Use Stokes' Theorem to calculate the circulation of the field F around the curve C in the indicated direction. F = 3yi + yj+zk

C: counterclockwise path around the boundary of the ellipse x2/4+y2/64=1

Answer 1

`\int \int \bigtriangledown F\ X\ dS = \int F\cdot dr` = 12π

Explanation:

The field F is given by:

`F = 3y\hat{i} + y\hat{j}+z\hat{k}` (1)

The curve C is the ellipse:

`(x^2)/(4)+(y^2)/(64)=1\\\\((x)/(2))^2+((y)/(8))^2=1`

In order to calculate the circulation of F around the curve C, you first find the parametric equation for the given ellipse.

The general form of an ellipse equation is:

`((x)/(a))^2+((y)/(b))^2=1`

The parametric equation is:

`r(t)=acost \hat{i} + bsint\hat{j}=2cost\hat{i}+8sint\hat{j}` (2)

The Stokes's theorem is given by the following identity:

`\int \int \bigtriangledown F\ X\ dS = \int F\cdot dr`

The path integral is also:

`\int F\cdot dr=\int F(r(t))\cdot dr(t)` (3)

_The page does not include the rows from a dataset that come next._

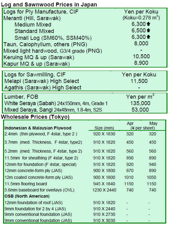 Market prices for Sarawak Meranti Regular are currently around Yen 6,400-6,500 per koku CIF up Yen 100 from the level in April. Prices of Yen 5,400 for Meranti Small are also up Yen 100. The JLR is forecasting Meranti Regular prices as high as Yen 7,000 if the bullish attitude of suppliers continues.
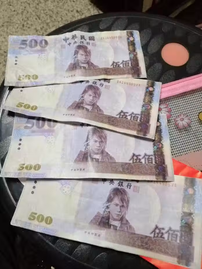 於是他到店家點好餐,老闆也把燒仙草包好,他拿出愛妻給他的紅包,霸氣地抽出其中一張五百元要付錢,但就在那一個瞬間,他瞄到這張五百元怎麼有點奇怪,仔細一看鈔票上面居然印的是歌手「伍佰」的肖像,而鈔票背面是空白的,當下他臉瞬間僵掉立馬向老闆道歉,也趕緊收回「愛妻鈔票」。
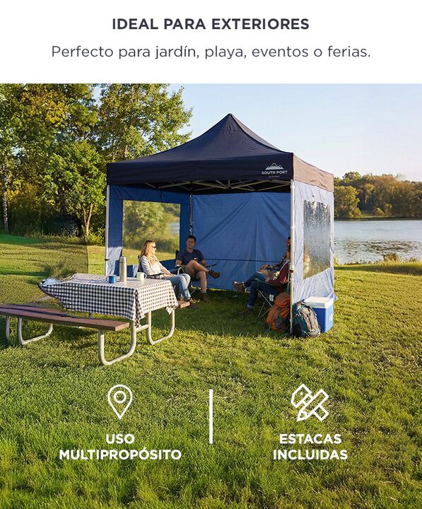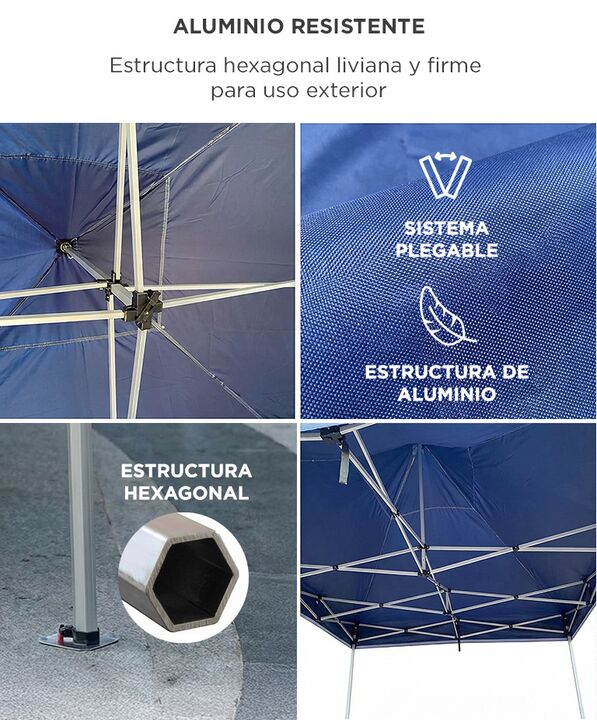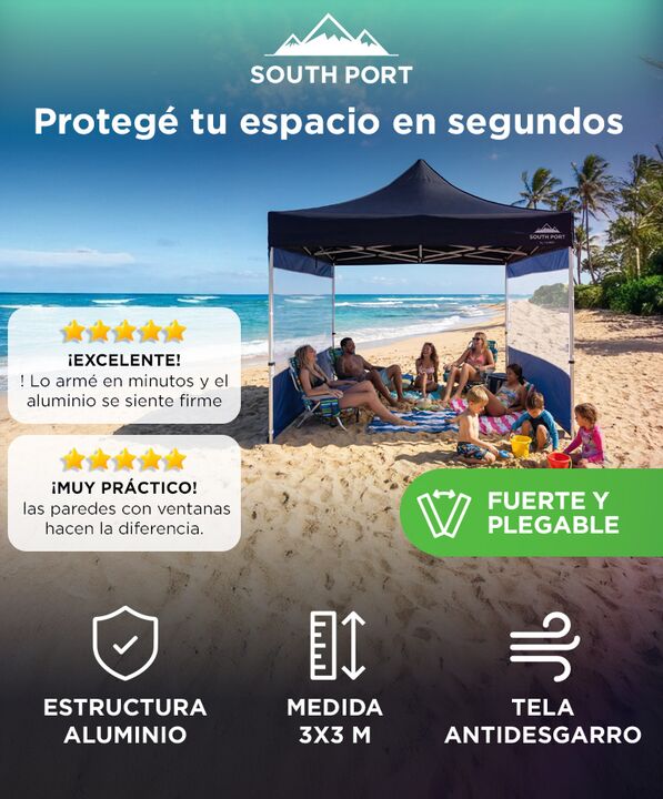 Estructura de aluminio plegable y resistente: El gazebo South Port 3x3 cuenta con estructura de aluminio hexagonal que ofrece firmeza y menor peso, facilitando el traslado y el armado en exteriores. Cobertura amplia de 3x3 metros: Brinda un espacio cómodo para reuniones, eventos o uso recreativo, pe...

For F(r(t)) and dr(t) you obtain:

`F(r(t))=3(8sint)\hat{j}+(8sint)\hat{j}+(z)\hat{k}\\\\dr(t)=(-2sint\hat{i}+8cost\hat{j}+0\hat{k})dt\\\\F(r(t))\cdot dr(t)=(-48sin^2t+64cos^2t)dt`

Next, in the equation (3) you obtain:

`\int_0^(2\pi) (-48sin^2t+64cos^2t)dt=\int_0^(2\pi)(-(48)/(2)(1-cos2t)+(64)/(2)(1+cos2t))dt\\\\=\int_0^(2\pi)(-24+24cos2t+32+32cos2t)dt\\\\=\int_0^(2\pi)(6+56cos2t)dt\\\\=[6t+56sin2t]_0^(2\pi)=[6(2\pi)-0]=12\pi`

The circulation of the field around C is 12π